*INSTRUCTIONS TO FOLLOW*. After locating the line with "SERGJIO Live Konzert" in the entries below, output it and each following line up to and including the line with "Elegant Navy Asymmetric Neckline Sheath Dress", exactly and without pictures.

*DATA RECORDS*.

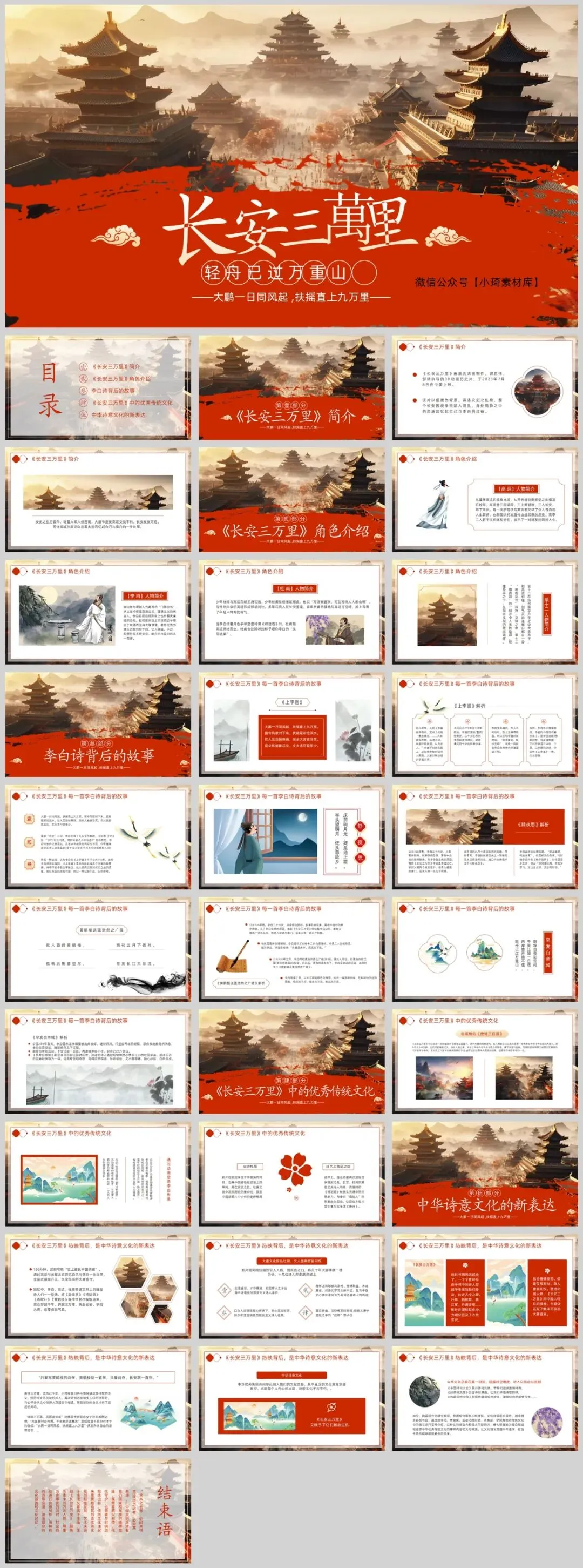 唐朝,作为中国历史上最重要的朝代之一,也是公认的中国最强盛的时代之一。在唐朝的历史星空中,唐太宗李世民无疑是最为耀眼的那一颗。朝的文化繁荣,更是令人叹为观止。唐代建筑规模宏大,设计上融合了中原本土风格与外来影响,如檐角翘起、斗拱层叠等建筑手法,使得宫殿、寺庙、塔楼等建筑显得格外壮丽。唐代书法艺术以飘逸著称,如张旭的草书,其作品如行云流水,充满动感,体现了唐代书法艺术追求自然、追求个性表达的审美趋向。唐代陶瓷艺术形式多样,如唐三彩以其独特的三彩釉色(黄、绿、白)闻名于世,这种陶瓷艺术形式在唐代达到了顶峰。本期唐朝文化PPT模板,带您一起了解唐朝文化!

---

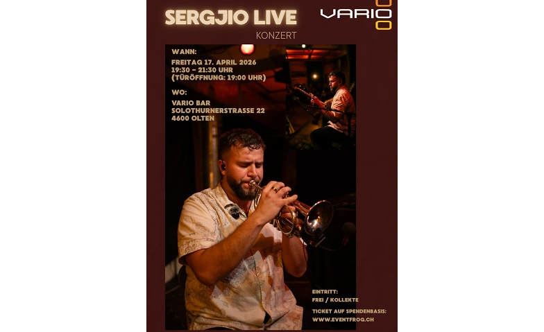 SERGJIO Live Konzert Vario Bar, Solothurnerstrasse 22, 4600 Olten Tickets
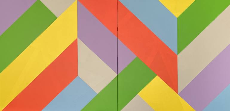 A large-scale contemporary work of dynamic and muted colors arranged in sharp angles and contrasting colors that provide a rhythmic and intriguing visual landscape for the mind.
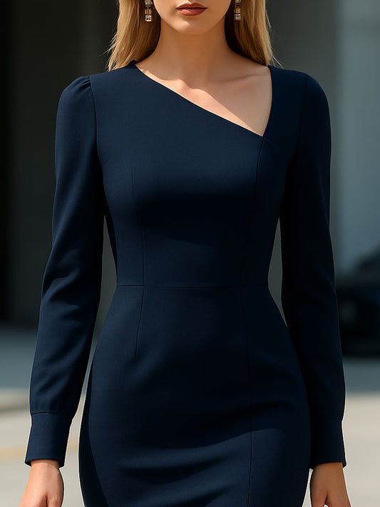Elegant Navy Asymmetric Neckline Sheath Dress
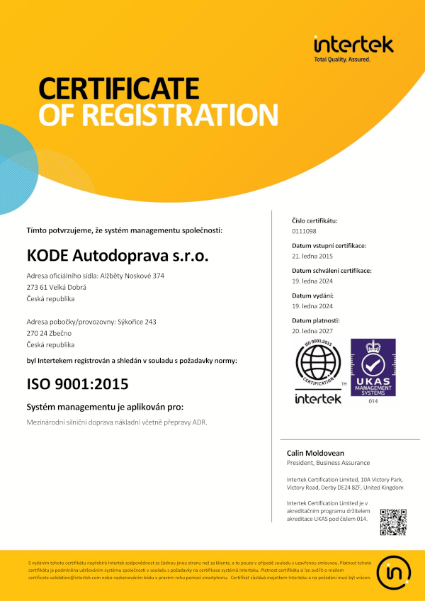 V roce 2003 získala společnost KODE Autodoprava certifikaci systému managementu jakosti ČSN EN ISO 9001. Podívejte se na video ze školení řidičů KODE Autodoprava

...

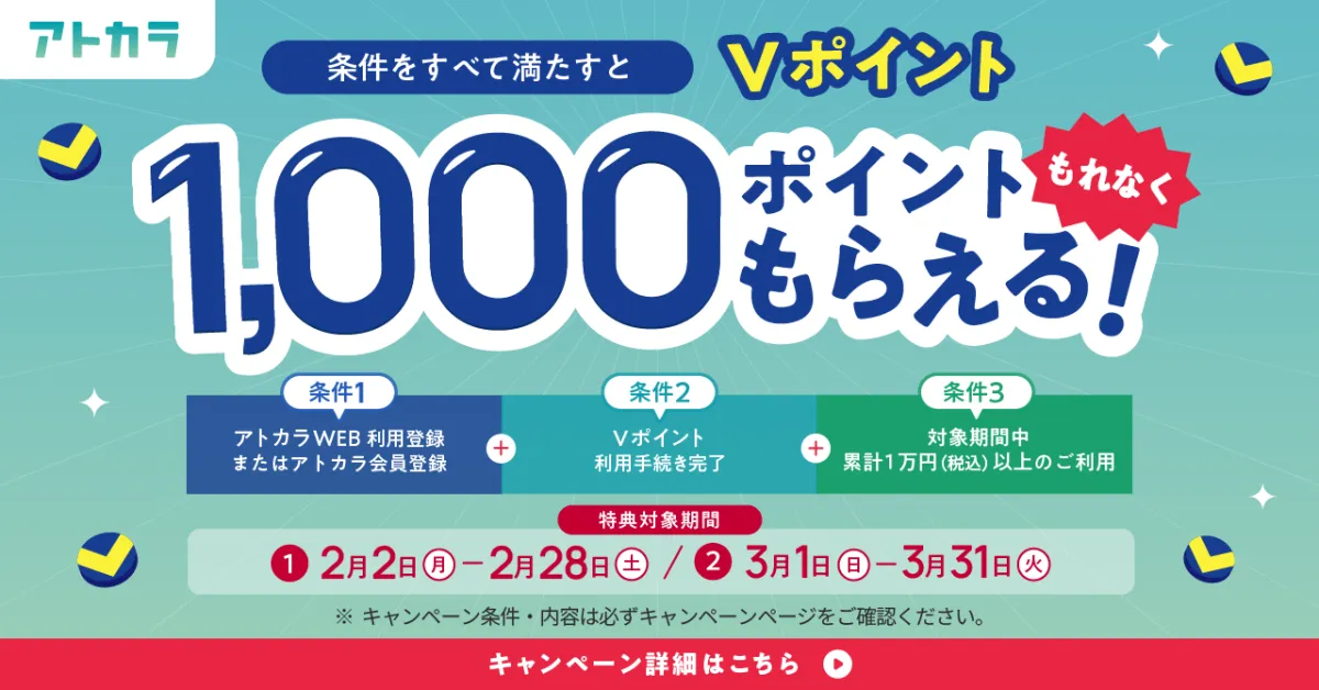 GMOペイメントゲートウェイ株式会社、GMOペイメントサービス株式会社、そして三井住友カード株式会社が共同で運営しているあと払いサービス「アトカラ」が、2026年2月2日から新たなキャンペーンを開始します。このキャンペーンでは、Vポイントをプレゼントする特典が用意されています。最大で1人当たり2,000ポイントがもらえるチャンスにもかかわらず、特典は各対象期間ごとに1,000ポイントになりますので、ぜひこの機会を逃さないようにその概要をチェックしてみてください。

*OUTPUT OF THE TASK*.
 SERGJIO Live Konzert Vario Bar, Solothurnerstrasse 22, 4600 Olten Tickets
 A large-scale contemporary work of dynamic and muted colors arranged in sharp angles and contrasting colors that provide a rhythmic and intriguing visual landscape for the mind.
Elegant Navy Asymmetric Neckline Sheath Dress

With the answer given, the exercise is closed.